As a 12 year old me and my peers had no mobile phones and most of us went home from school alone, using public transportation in Budapest, a city of 2 million.
This was already this century.
Americans seem to have a very strange notion of what children can do at what ages. Kids at age 8 can reasonably go to and from school if it's close enough. This of course relies on living in a walkable area and I guess that's partially where the problem starts in the US. Parents got used to the idea that kids need to be transported by car or a specific, restricted-use school bus, leaving no freedom or agency for the children. Yes, growing up involves making mistakes, doing mischief, testing boundaries, learning what it is like to lie, feeling what a resulting bad conscience feels like, what a secret feels like etc. Yes, it may mean that the kid may skip a class or go somewhere they are not supposed to, but usually these aren't life shaking mistakes, unless there are deeper problems at home and with the parental environment.
What children can do at what age is a direct function of how they are raised. Americans, unfortunately, have been sold on the notion that what a child is capable of is instead somehow a biological limitation. There are some biological limitations, of course, such as the inability for average children before around age 10 to perform abstract reasoning, etc, but they are very few. And those limitations are misunderstood, as well. While the truth is that a child exposed to something 'before they can understand it' will experience confusion (or misunderstanding... 'kid logic' can be amazing in the lengths to which it stretches to attempt to integrate new knowledge), it is assumed they will instead experience intense, damaging trauma. I think there is also a component involved of 'doing something is better than doing nothing' when, in many cases, doing nothing would definitely be the better solution. I don't believe there are hardly any parents who, for instance, could come across a string of 'dead baby' jokes in a group chat their 11 year old is participating in and conclude 'my child is developing a sense of humor and fitting in with a peer group.' They would instead conclude 'my child is uncaring, incapable of empathy, foul-mouthed, and I need to make them understand how serious this is.' A reaction like that, from your parent, would be devastating. They know you better than anyone. If they tell you that you are an uncaring, unkind, vicious person, you are not going to be able to step back and see that your parent is being ridiculous in most cases. You will simply be hurt, and that parent has certainly not prepared you for how to handle emotions like that. It ends up with an immature person (the parent) inflicting distress on another immature person (the child) and no one benefits.
Also, parents overestimate their explicit influence on kids and thereby their importance and responsibility in explicitly teaching them by setting rules and "preaching". Instead, kids brains are very good at filtering out the bullshit, learning by observing actions rather than talk and learning from peers and other adults.
However, a truly dictatorial parental surveillance scheme, as is now possible through tech, may inhibit the information transfer even more. Combined with practices like constant parental transportation, structured extracurriculars every day, no recess at school or homeschooling a very dystopian picture emerges.

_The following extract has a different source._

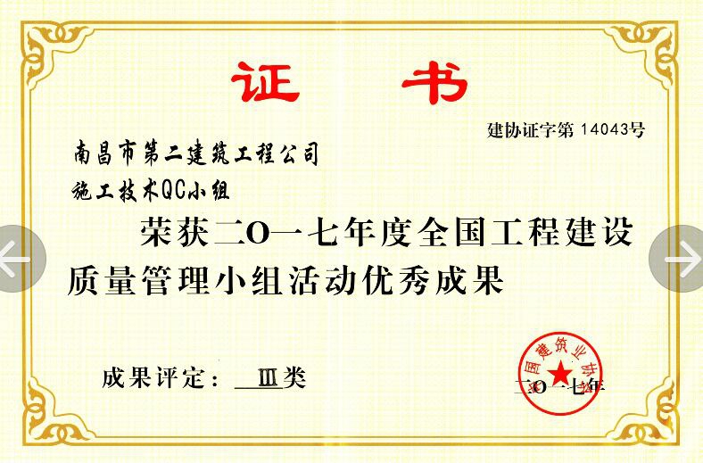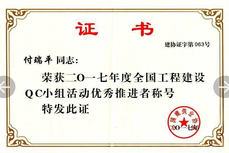 在中國建筑業(yè)協會組織的2017年度QC成果發(fā)布會上,公司QC小組的《提高GC發(fā)泡水泥保溫板外墻外保溫施工質量》成果榮獲2017年度全國工程建設質量管理小組活動優(yōu)秀成果獎;付瑞平同志榮獲2017年度全國工程建設QC小組活動優(yōu)秀推進者稱號。

I grew up in a home where my parents separated when I was in 1st grade.
Mother who gained custody had sever bipolar which led to days where she literally would not get out of bed.
When I was in 6th grade I remember having to pack lunches for my sister who was 4 years younger and make sure we both went to the bus stop and got to school each day.

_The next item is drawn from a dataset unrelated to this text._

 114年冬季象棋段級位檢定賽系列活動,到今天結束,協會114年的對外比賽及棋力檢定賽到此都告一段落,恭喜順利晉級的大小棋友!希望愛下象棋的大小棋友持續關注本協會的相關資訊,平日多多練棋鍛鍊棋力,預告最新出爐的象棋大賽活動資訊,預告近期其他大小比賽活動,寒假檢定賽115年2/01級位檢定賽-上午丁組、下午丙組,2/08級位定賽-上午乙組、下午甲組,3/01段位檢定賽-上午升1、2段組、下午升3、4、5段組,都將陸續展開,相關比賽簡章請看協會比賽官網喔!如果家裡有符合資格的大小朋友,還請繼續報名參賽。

It was a bit more difficult when I hit the 7th and 8th grades as the school in the area started those grades an hour earlier than K-6 and my sister and I no longer rode the same bus at the same time.

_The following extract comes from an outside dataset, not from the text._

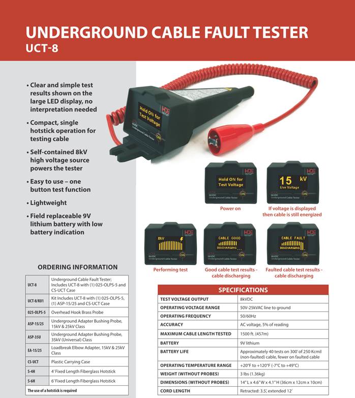 Underground Cable Fault Tester Raise the Standard - The All New Dimension of Underground Cable Fault Testing The Underground Cable Fault Tester, model UCT-8, is a lightweight, one-piece operation for underground DC leakage current testing. This tool is used to test the de-energized primary shielded voltage cable for a fault. Test results are clearly displayed as an analog bar graph along with an indication of a good or faulted cable. A self-contained 8kV high voltage source powers the tester using a 9V lithium battery, making the UCT-8 a compact single hotstick operation tool for testing cable. Underground Cable Fault Tester Features · Clear and simple test results shown on the large LED display, no interpretation needed · Compact, single hotstick operation for testing cable · Self-contained 8kV high voltage source powers the tester · Easy to use – one button test function · Lightweight · Field replaceable 9V lithium battery with low battery indication HD Electric Company is committed to ongoing review and improvement of its product lines, and thus reserves the right to modify product design and specifications without notice.
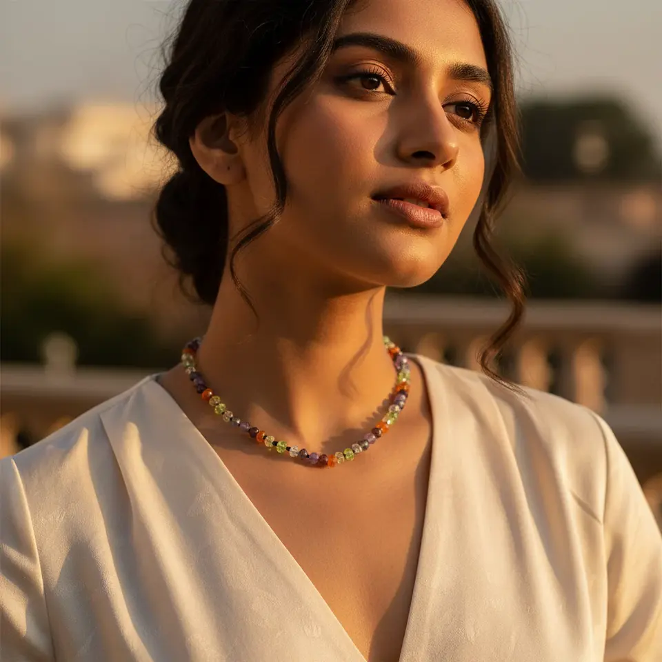 Women's Multi-Gemstone Bead Necklace Colorful Bohemian Vintage Religious Cute Jewelry Garnet Quartz Pearl Turquoise Jade Main

We managed pretty good, and my sister and I are very close to this day because of how we took care of each other growing up.
I also had immense freedom, no curfew/bedtime and freedom to roam unsupervised unless my grades slipped. I enjoyed the freedom so I managed to keep my grades up my entire education.
It helped that cell phones in the hands of every child were still not a thing, just as I turned 18 and moved out on my own is when I remember getting my first cell phone.
> As a 12 year old me and my peers had no mobile phones and most of us went home from school alone
Again that is cherry-picking.
Yes, I walked to school alone when I was 12. Also when I was 7.
But school is a consistent, well-known location with adult supervision at the destination. The amount of maturity required for traveling to school is minimal.
Kids can do a lot more open-ended activities than walking/taking the bus to school.
Americans seem to have a very strange notion of what children can do at what ages. Kids at age 8 can reasonably go to and from school if it's close enough. This of course relies on living in a walkable area and I guess that's partially where the problem starts in the US. Parents got used to the idea that kids need to be transported by car or a specific, restricted-use school bus, leaving no freedom or agency for the children. Yes, growing up involves making mistakes, doing mischief, testing boundaries, learning what it is like to lie, feeling what a resulting bad conscience feels like, what a secret feels like etc. Yes, it may mean that the kid may skip a class or go somewhere they are not supposed to, but usually these aren't life shaking mistakes, unless there are deeper problems at home and with the parental environment.